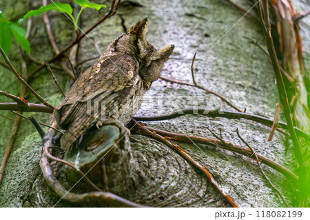 藍翅貓頭鷹棲息在樹枝上小憩
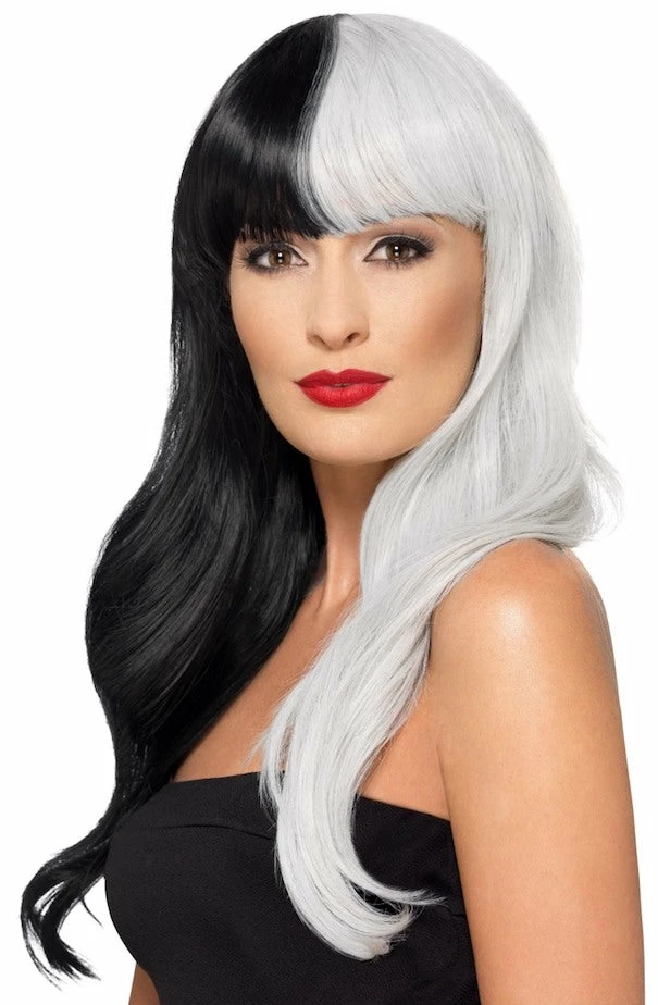Our Deluxe, Black and Grey, Evil Lady Fringed Wig is perfect to complete any Vixen or Cruella De Vil halloween costume.
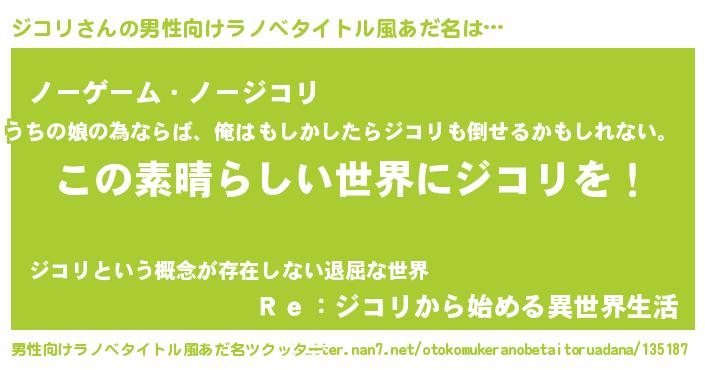 | 意味不明あだ名 | 『住所不定無職ジコリ(43歳)』『自称ジコリ』 |
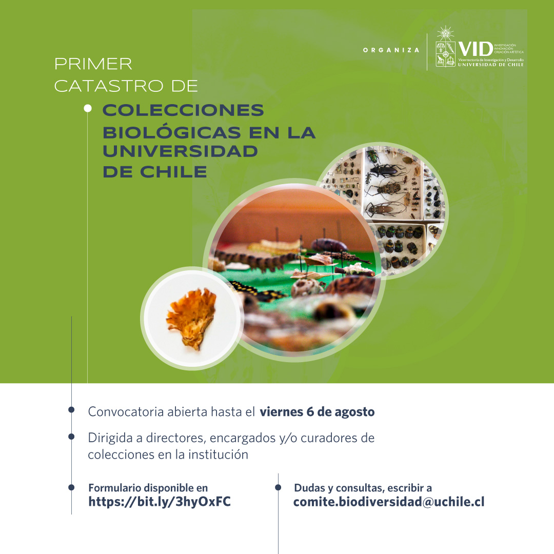 Frente a este contexto, el Comité de Diversidad Biológica coordinado por la Vicerrectoría de Investigación y Desarrollo (VID), propone abordar esta problemática mediante la elaboración del "Primer Catastro de las Colecciones Biológicas de la U. de Chile (CB-UCh)", que considerará a una colección biológica como un conjunto de materiales preservados de origen vivo.
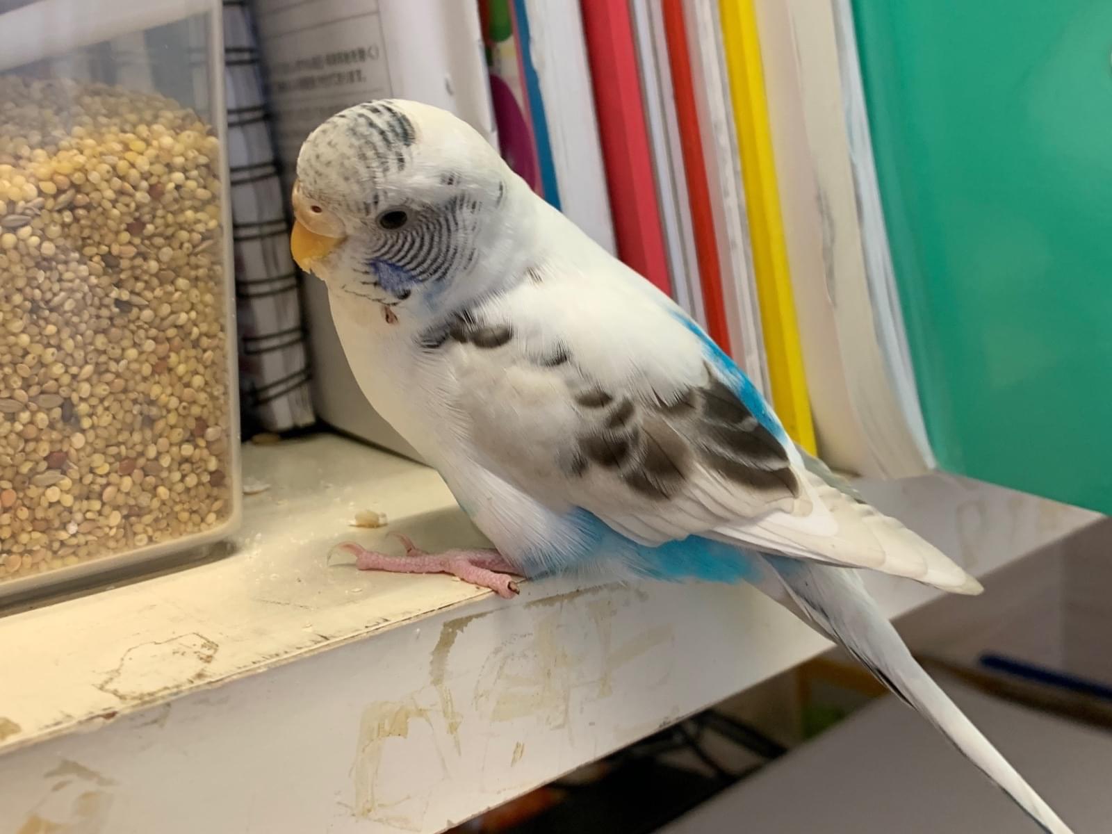 背中白、お腹が青のセキセイインコ(ハルクイン)を探してます。羽にまだらの黒が混ざってます。
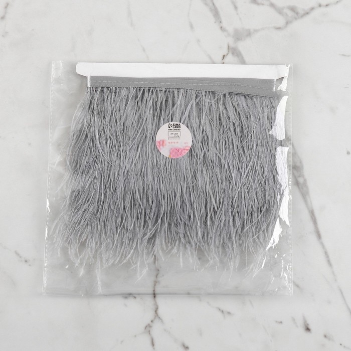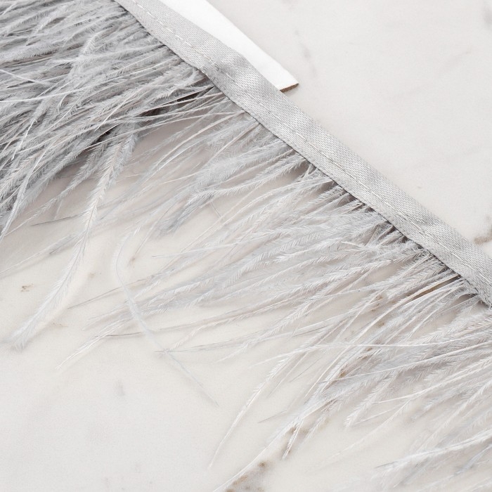 Тесьма с перьями страуса, 8-10 см, 5 ± 0,5 м, цвет светло-серый
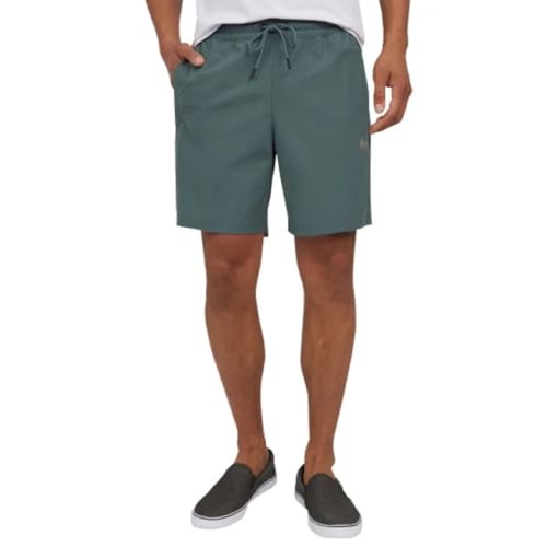 Amphibian Board Shorts for Men. Features include: Collection: Everyday collection, Fabric: 4-way stretch recycled polyester blend fabric, Coating: PFC free hydrophobic treatment, Water repellent, Fit: Straight leg fit, Waist: Classic comfort waistband, Outseams: 18″ outseam, short length, Pockets: Side-entry pockets, Back pocket with water resistant auto lock zipper, Closure: Fixed drawcord closure, Branding: Iconic Mountain & Wave logo, Other Features: Key bungee cord side pocket, Recycled yarn.
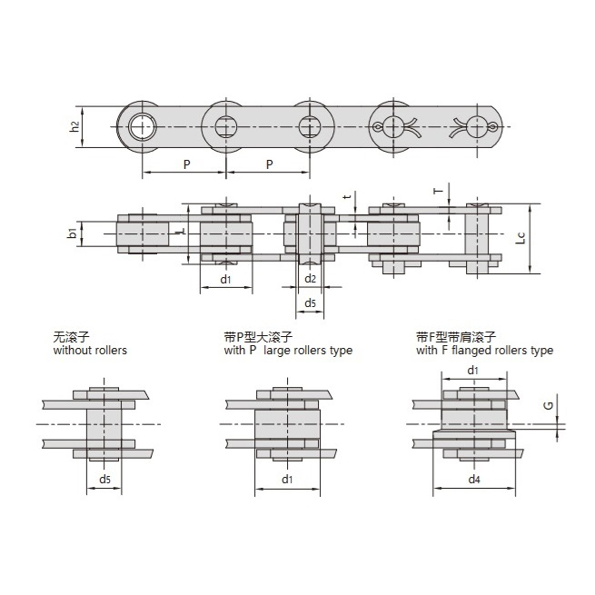 - Οι αλυσίδες μεταφοράς της σειράς Z αποτελούνται κυρίως από συμπαγή πείρο, κοίλο πείρο, μεγάλο κύλινδρο και υπερυψωμένη πλάκα αλυσίδας. Αυτά τα εξαρτήματα μπορούν να διαμορφωθούν με διάφορα εξαρτήματα για να ικανοποιήσουν συγκεκριμένες απαιτήσεις εφαρμογής σύμφωνα με διαφορετικές συνθήκες εργασίας.
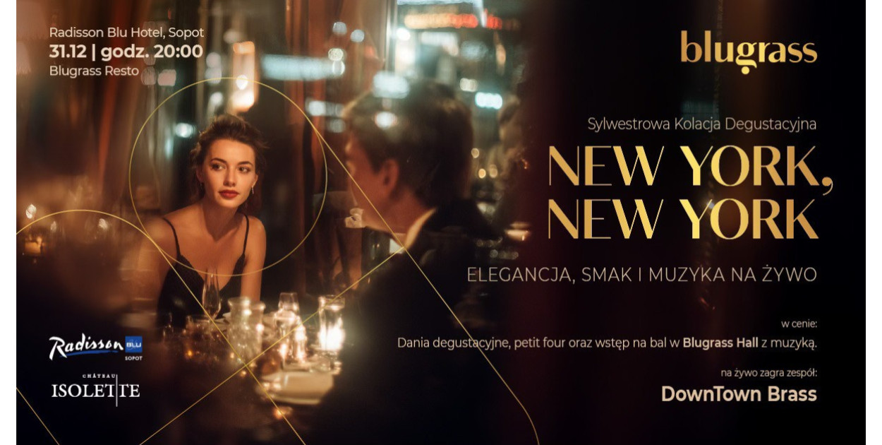 Uczestnicy kolacji mają wstęp również na odbywający się w Blugrass Hall sylwestrowy bal „New York, New York” (bez miejsca siedzącego w przestrzeni Blugrass Hall – miejsca siedzące dla gości kolacji degustacyjnej znajdować się będą w części restauracyjnej). Imprezę uświetni m.in. muzyka na żywo w wykonaniu bandu DownTown Brass, który wiernie odda klimat wielkich nowojorskich estrad jazzowych i swingowych. Po doznaniach kulinarnych przyjdzie więc czas na szampańską zabawę, noworoczne toasty i taneczne popisy na parkiecie do wczesnych godzin porannych.

---+---

▶ AIM OF THE EXERCISE
Above are the records; return the lines in them from the one with "背中白、お腹が青のセキセイイ" to the one with "Тесьма с перьями", inclusive, exactly and without images.

▶ COMPLETED EXERCISE
 背中白、お腹が青のセキセイインコ(ハルクイン)を探してます。羽にまだらの黒が混ざってます。
 Тесьма с перьями страуса, 8-10 см, 5 ± 0,5 м, цвет светло-серый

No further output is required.